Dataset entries
------------

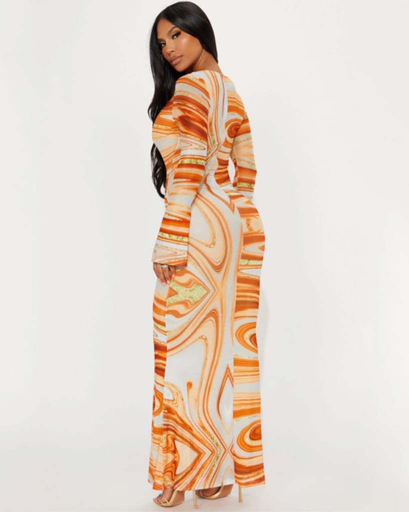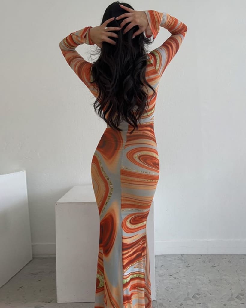 This Tie Dye Print Deep V Round Ring Long Sleeve Dress is perfect for any occasion. Made with a deep V-neck and round ring detail, this dress is stylish and comfortable. The long sleeve design and tie dye print make for a fashionable and flattering look that will have you feeling confident.
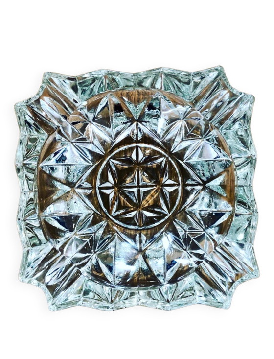 Echt antiek 70's geslepen glazen asbak Afmetingen: 14cm x 14cm Superzwaar gewicht en uitstekende kwaliteit Ideaal voor brocante chic, art deco, vintage of seventies deco.
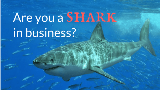 Shark swimming underwater surrounded by a school of small fish.
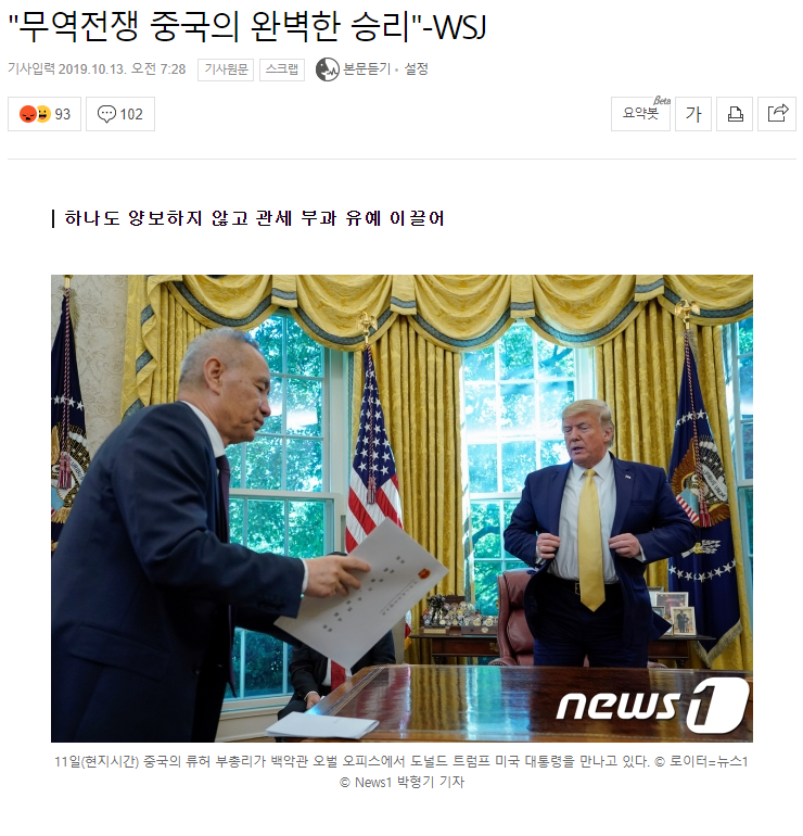 중국과 무역 전쟁을 종전하면서 압박 할 수 있는 카드던 홍콩 카드까지 포기했는데 결과를 보니 중국이 양보한건 사실상 하나도 없었다는 내용
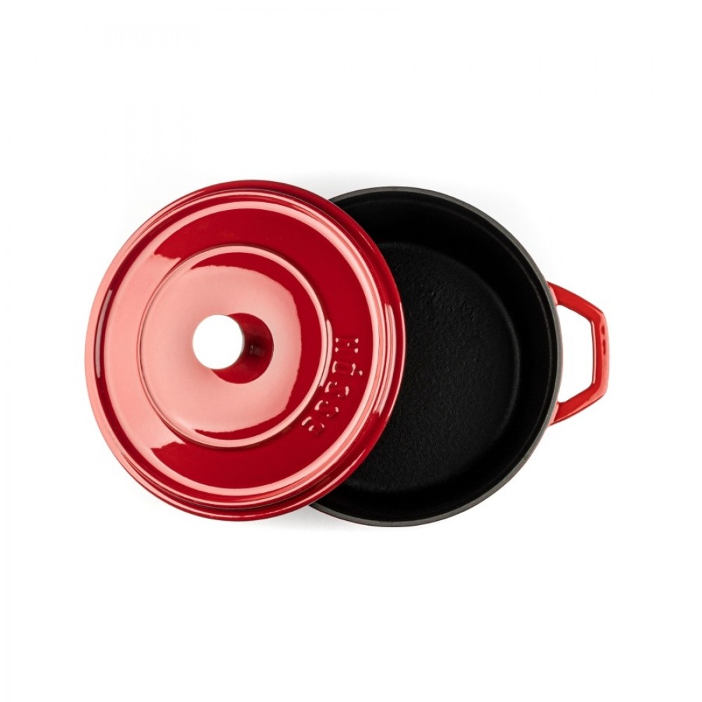 Univerzális öntöttvas edény zománcozott bevonattal és modern kialakítással, amely bármilyen tűzhelyet jól mutat.

------------

**DIRECTIONS FOR THIS TASK**
From the line containing "Shark swimming underwater" to the final line above, both included, transcribe every line exactly and leave all pictures out.

**WRITTEN SOLUTION**
 Shark swimming underwater surrounded by a school of small fish.
 중국과 무역 전쟁을 종전하면서 압박 할 수 있는 카드던 홍콩 카드까지 포기했는데 결과를 보니 중국이 양보한건 사실상 하나도 없었다는 내용
 Univerzális öntöttvas edény zománcozott bevonattal és modern kialakítással, amely bármilyen tűzhelyet jól mutat.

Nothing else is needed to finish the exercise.